What Relationship Expectations Look Like 

Relationship expectations go beyond whether your love of life shares your values and beliefs. It can actually involve several dynamics between you and your partner.

  • Behavior: Do you want your partner to continue being romantic toward you? Do you want them to contribute more when planning dates?
  • Communication: Do you expect to talk every day and get frequent updates? Do you prefer to just check in every once in a while about what’s going on in your life?
  • Roles: Who’s in charge of house chores when you both live together? Who’s paying for outings and vacations in the long run?
  • Priorities: Do you expect to have a pet or a child together someday? Do you have work that takes precedence over relationship goals?

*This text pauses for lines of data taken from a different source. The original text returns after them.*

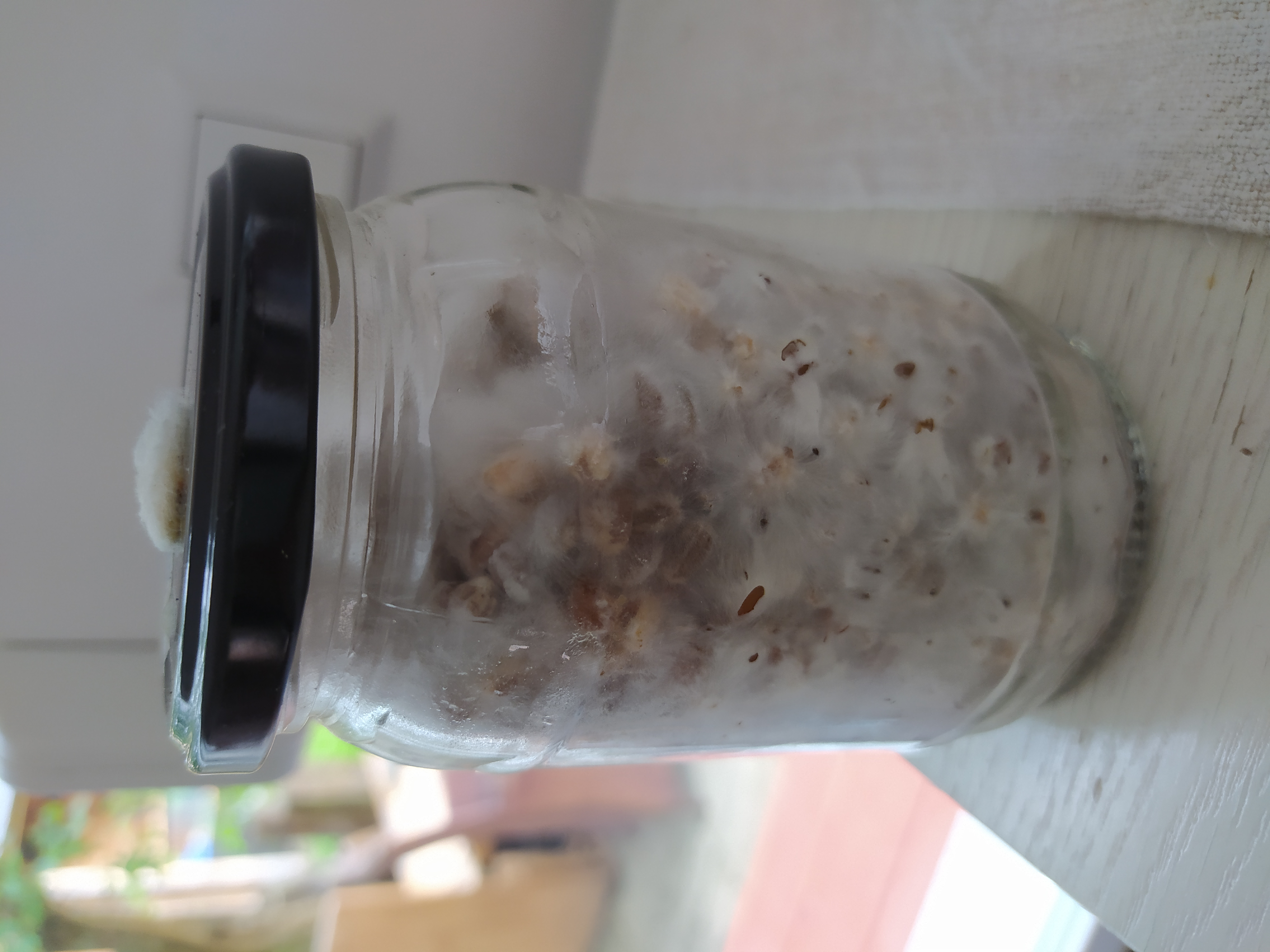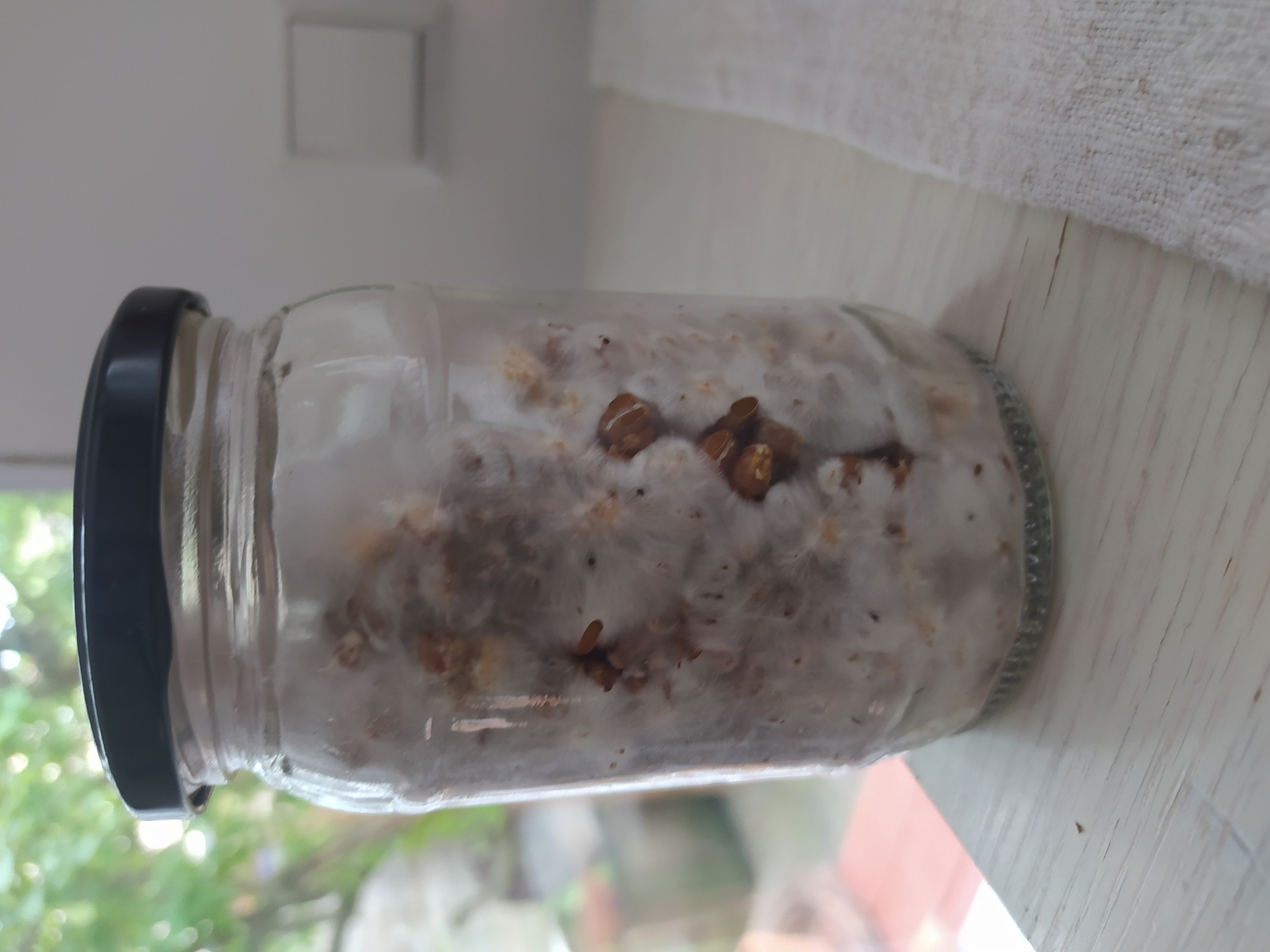 Als ich gerade alles geöffnet habe, bemerke ich das der Dampf unter die Alufolie eingedrungen ist und teilweise kleine Tröpfchen hintergelassen hat. Die Watte ist auch leicht nass. In der Gläser sind die Weizen auch sichttbar nass.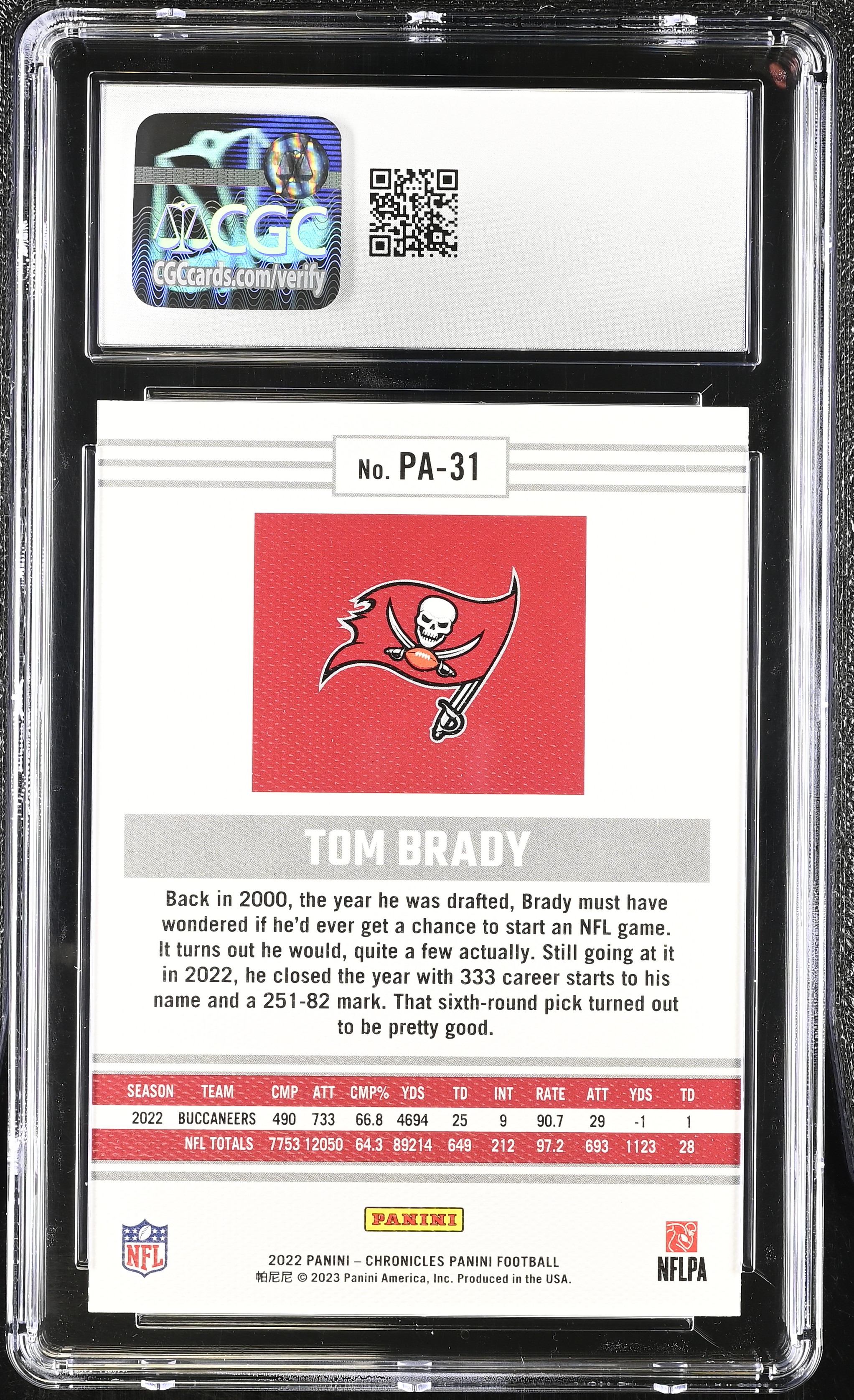 Tom Brady 2022 Panini Chronicles Panini #PA-31 (CGC 10)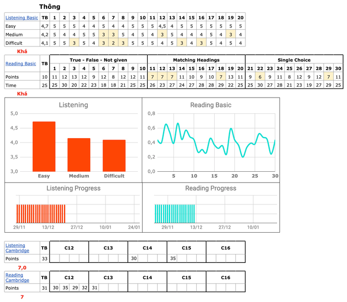 Thông: Listening - 7.0, Reading - 7.0
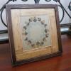 Вышивала на Lugana-32 салатного цвета в 2 ниточки по ключу, почти что :) Дома нашлась подходящая по размеру рамочка, но совсем не подходящего цвета- золотого. проблему эту я быстренько решила, покрасив и состарив рамочку :) вот теперь все выглядит так как мне хотелось :)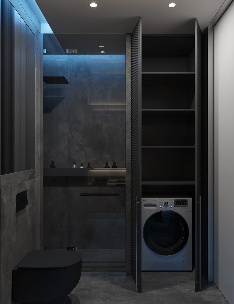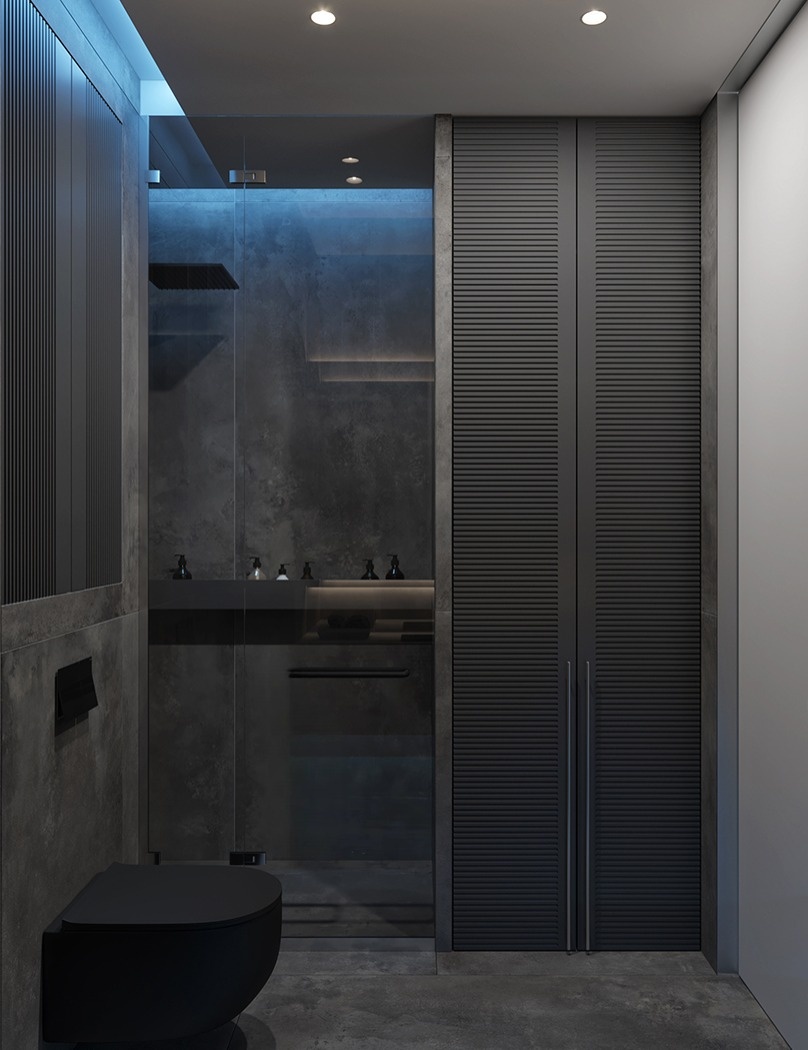 Высокий шкаф серого цвета с фрезерованными дверями в санузел «Модель 1033»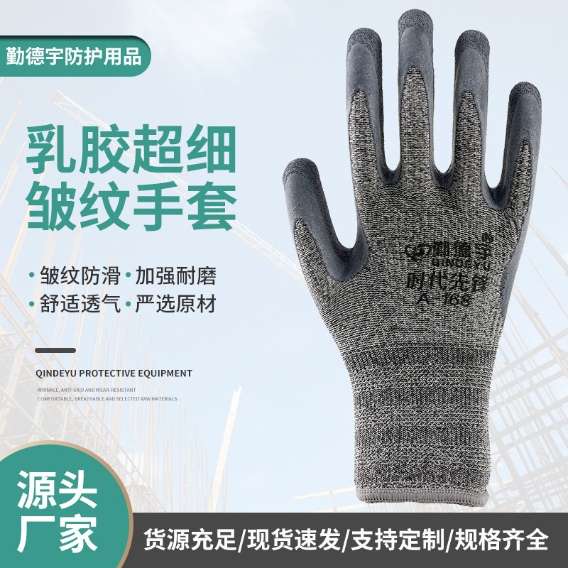 ラテックス超細いしわ耐摩耗性労働保護手袋滑り止め通気性工場防護手袋建築労働保護手袋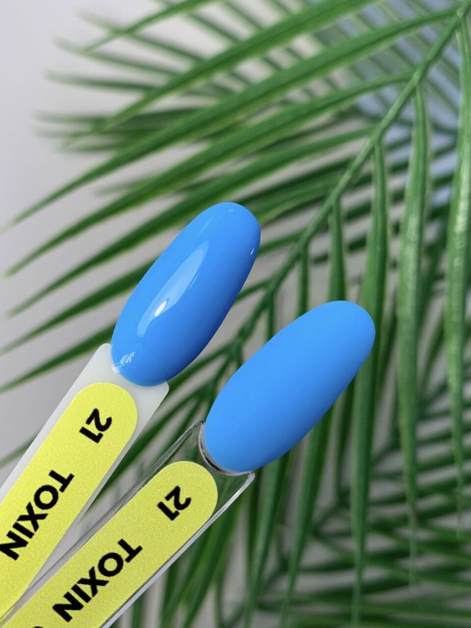 ✔️ Shade: Toxin Gel Polish №21 – Bright sky blue, cream finish, opaque.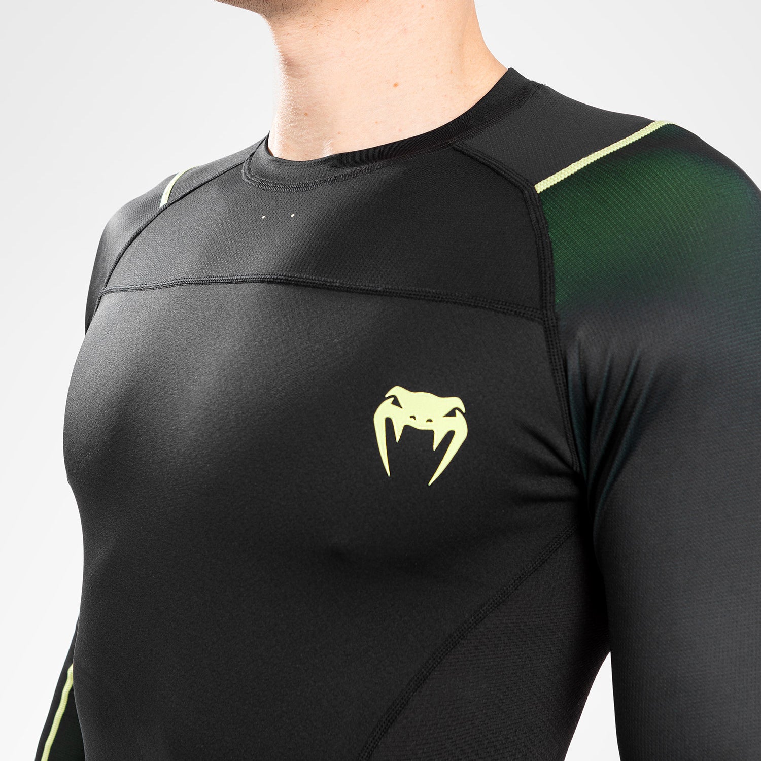 Tragen Sie den Venum Fusion 2.0 Men's Rashguard - Long Sleeves mit den Herren Gamaschen aus der gleichen Kollektion.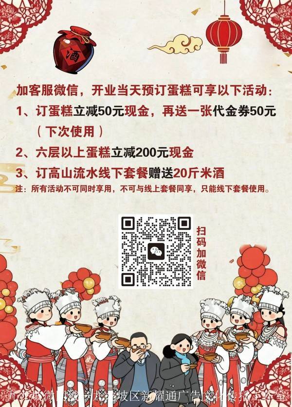 加客服微信,开业当天预订蛋糕可享以下活动: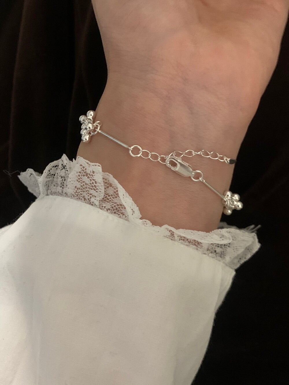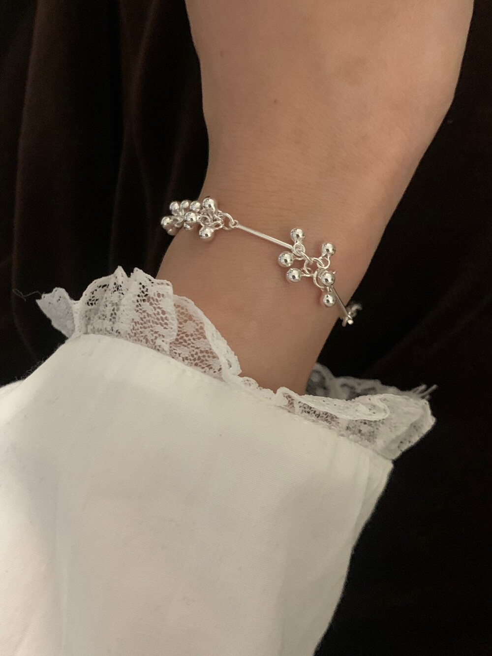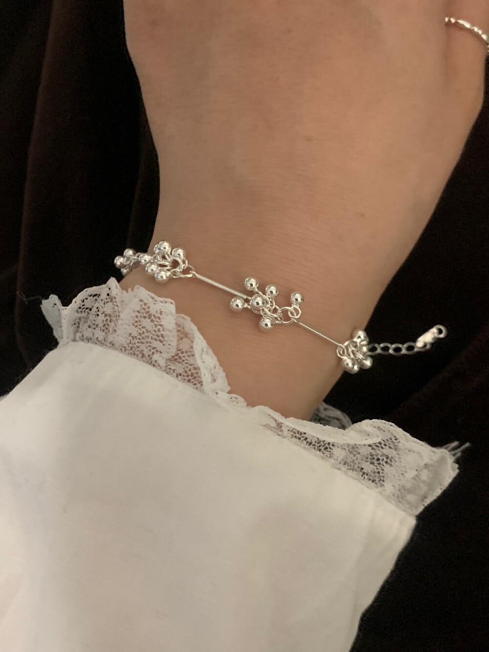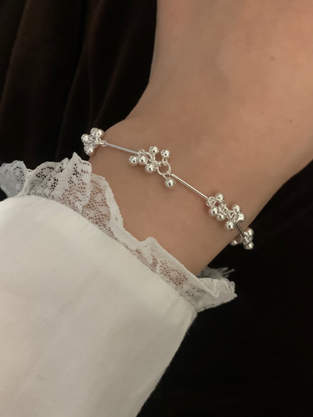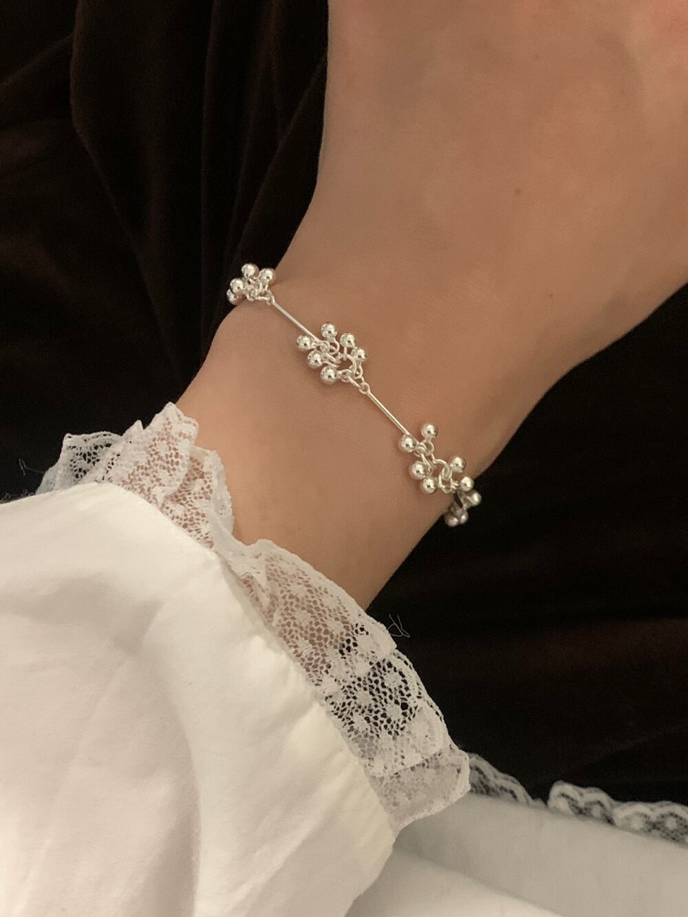 작은 실버 구슬들이 모여 멋스러운 디자인을 완성한 감각적인 브레이슬릿.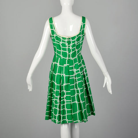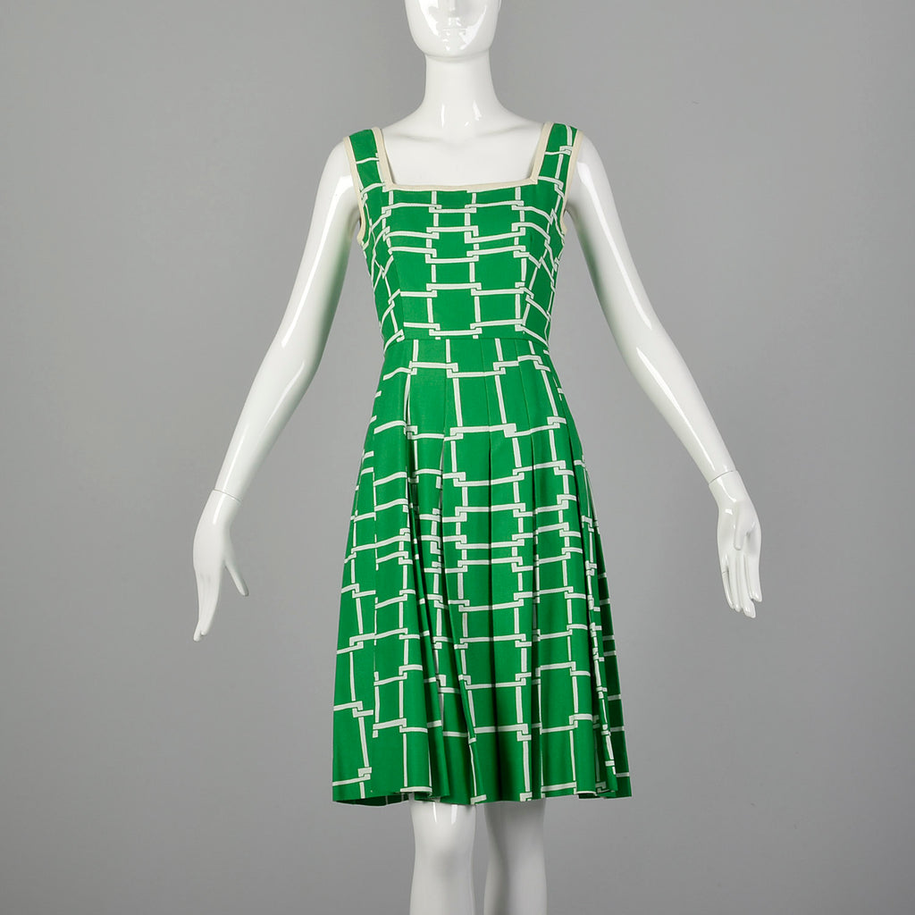Small Malcolm Star 1960s Green and White Dress
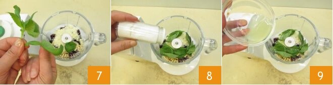 the basil leaves 7, a pinch of salt 8, and the juice of half a lemon 9.
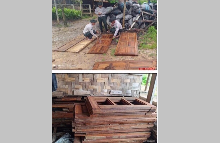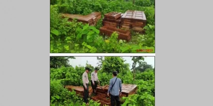 A Mitsubishi Fuso and a Hyundai van, headed to Myawady from Yangon carrying 200 bags of white sesame and 300 bags of peanut on the Moppalin-Sutpanu-Ingabo detour and a Higer bus, headed to Yangon from Hpa-an, carrying 7,560 bags of Wai Wai instant rice vermicelli on 1 August, a Nissan Diesel vehicle, headed to Hpa-an from Myawady, carrying 250 bags of Xuemei Monosodium Glutamate at the Kawkareik (Tadakyoe) checkpoint, a total of 14.494 tonnes of illegal teak and 3.103 tonnes of hardwood in Bago and Nyaunglebin districts on 2 August.

The Impact of Relationship Expectations

Relationship expectations, when left unchecked and uncommunicated, kind of just stay in the background. They end up affecting several aspects of how you love and fight with your partner. 

On How You Love

You and your partner have expectations for one another throughout your relationship that can affect how you showcase love. For example, one person might enjoy gift-giving because they believe it’s the primary way they show their love. 

Love can look like making your partner coffee in the morning, because you know that they’d like a hot cup of joe before heading to work. It can also look like cuddling in bed with pillow talk conversations because you know that it makes them feel connected with you. 

On How You Fight

In an argument, you make your case about what you’re feeling frustrated about. The other person will discuss their own case about it. These are often impacted by relationship expectations about seeing eye-to-eye on everything.

You start to build relationship expectations based on this friction, too, like who is supposed to back down and adjust after the matter. And when these expectations don’t align, you start to feel disappointment and frustration. 

On How You Grow

Beyond how you love and fight, relationship expectations can also affect you and your partner’s growth throughout life. Being together should mean working together to reach those milestones. For example, 30% of Americans think they should buy a home after two to three years together, but 18% would disagree and say it should be four years or more. 

One person in the relationship might expect a longer timeline to reach an objective, which can leave them feeling like their progression throughout life is stagnant. It’s an imperative reason why you need to get on the same page as your partner.

What Affects Expectations in a Marriage?

Getting into a marriage, relationship expectations can still increase and change. Personal experiences, whether your own or what you’ve witnessed in other people’s relationships, are often a catalyst for what these expectations could look like. 

Societal norms and cultural backgrounds can also influence relationship expectations. One manifestation of both of these is gender roles, which reinforce that men are providers while women are homemakers. 

couple in sunset

Building Realistic Marriage Expectations 

Understanding marriage expectations can feel daunting, especially in the beginning. In fact, the first year of marriage is viewed as the hardest by many people since it’s the adjustment period. Follow these tips to ensure relational satisfaction. 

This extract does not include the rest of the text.